WHAT IS EXPECTED
Return exactly the lines from the one containing "Macro image of" through the last line of the records below, both included, and leave out any pictures.

RAW DATA
···

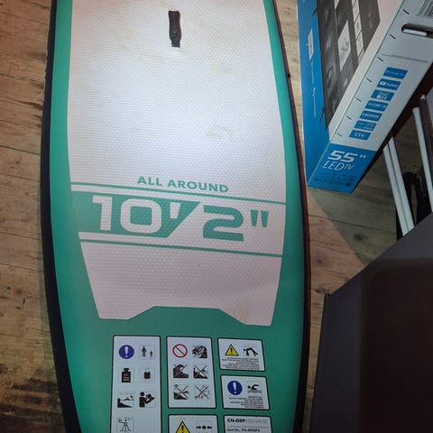 Ocean Edge ilmatäytteinen SUP-lauta. Pituus noin 2,95 m (9 ft 7 in) ja leveys 74 cm (29 in). Suositeltu enimmäiskuormitus 100 kg (220 lbs). Laudassa sinivalkoinen runko ja sininen seisonta-alue. Mukana säädettävä mela, pumppu ja kantoreppu. Soveltuu seisontamelontaan rauhallisissa vesissä.
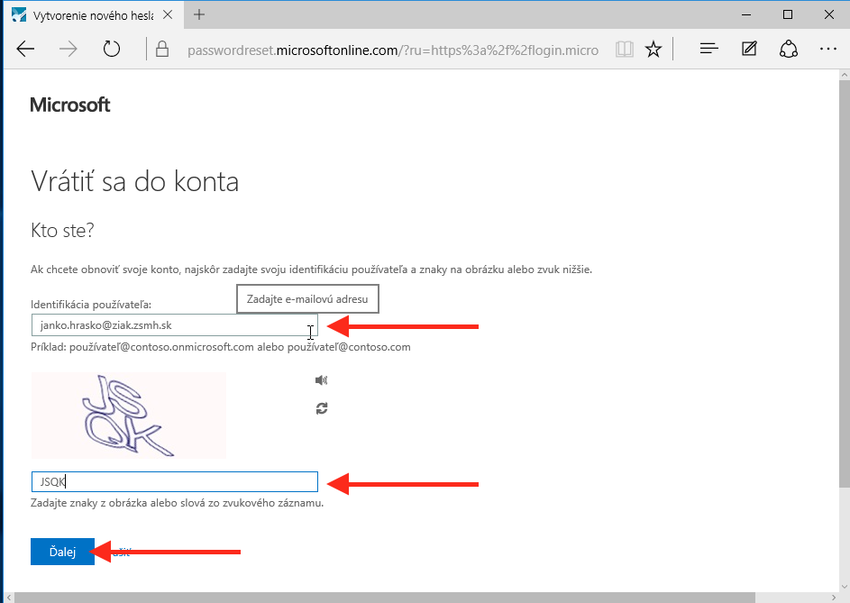 V prvom poli napíšte vaše prihlasovacie meno a dole opíšte kód z obrázku. Ak je kód nečitateľný, kliknite na ikonku šípok do kruhu. Potom kliknite na Ďalej.
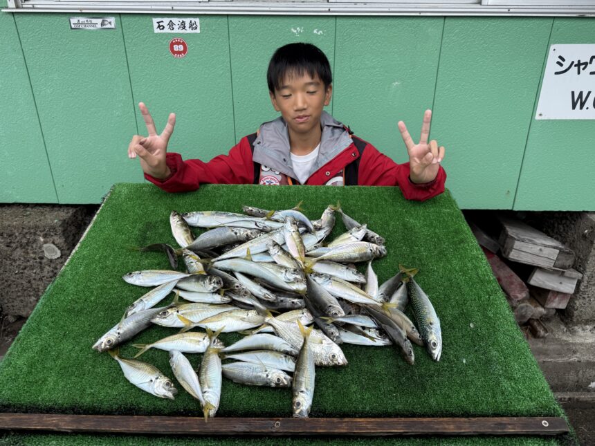 手漕ぎボートであお君がアジをゲット。
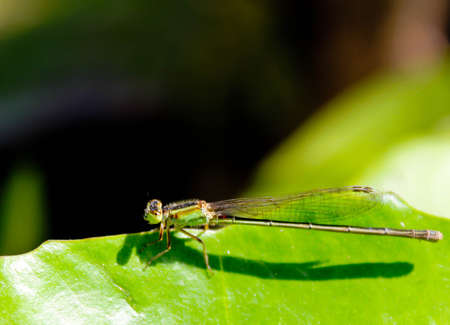 Macro image of a dragonfly on a leaf with a natural background and close up portrait of the insect s
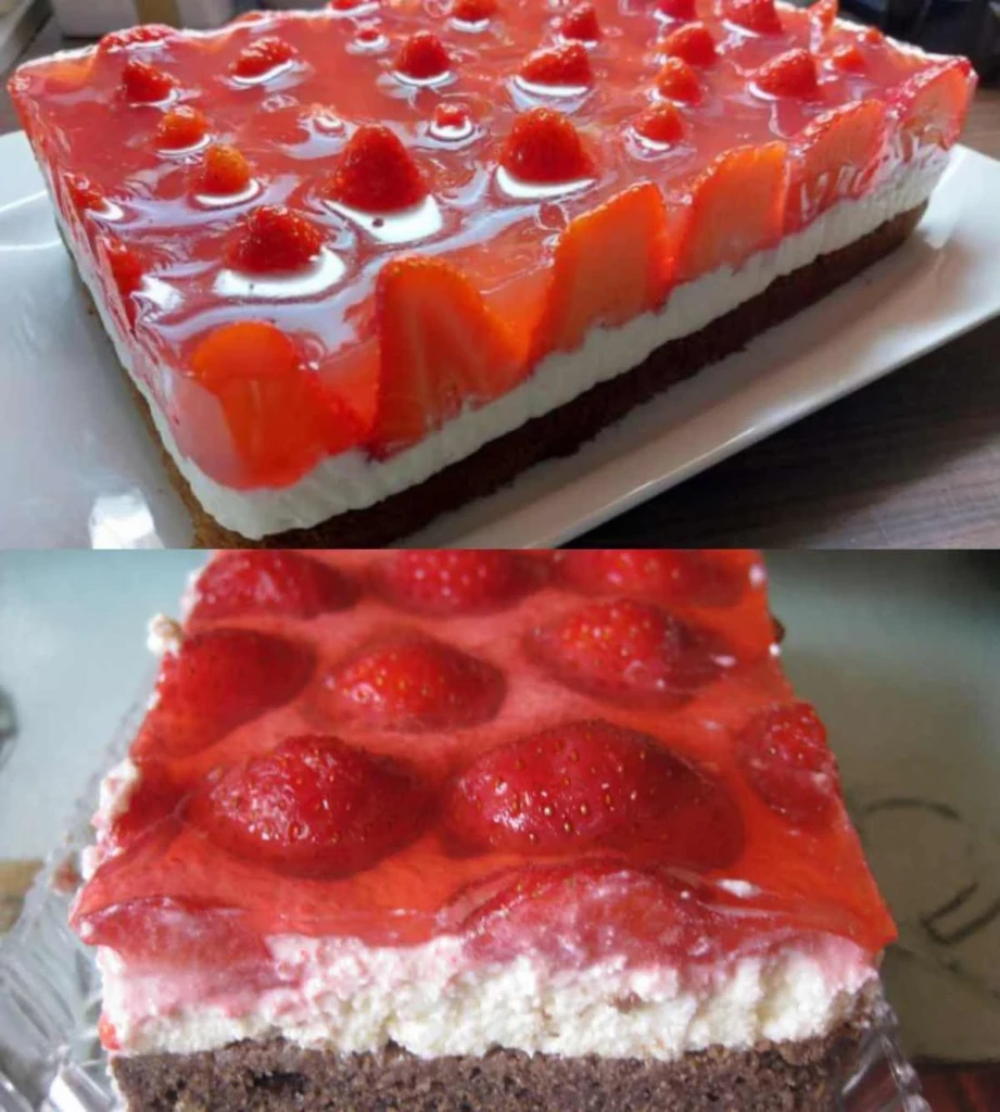 • Preparing and applying the jelly: Wash and dry the strawberries and arrange them on the cream. Prepare the cake jelly according to the instructions in juice or water and let it cool slightly. Then carefully pour the jelly over the strawberries.
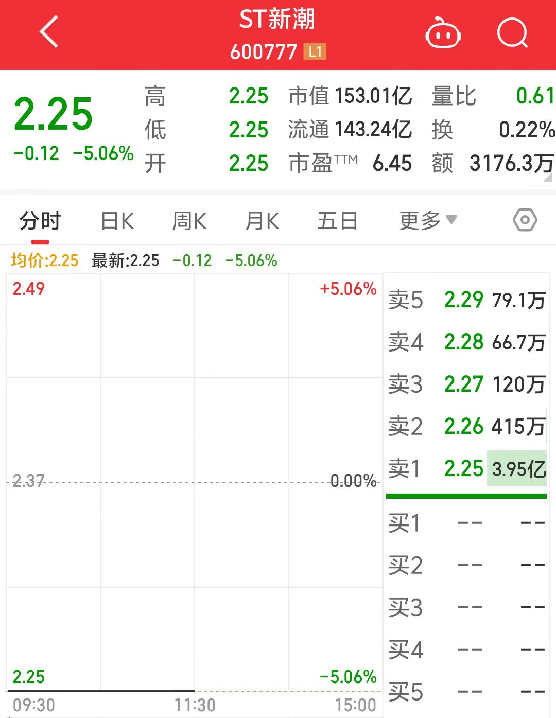 3月17日,st新潮(新潮能源,600777.SH)开盘一字跌停,截至早盘收盘,封单金额近4亿元,报2.25元/股,总市值153亿元。

···

YOUR SOLUTION
 Macro image of a dragonfly on a leaf with a natural background and close up portrait of the insect s
 • Preparing and applying the jelly: Wash and dry the strawberries and arrange them on the cream. Prepare the cake jelly according to the instructions in juice or water and let it cool slightly. Then carefully pour the jelly over the strawberries.
 3月17日,st新潮(新潮能源,600777.SH)开盘一字跌停,截至早盘收盘,封单金额近4亿元,报2.25元/股,总市值153亿元。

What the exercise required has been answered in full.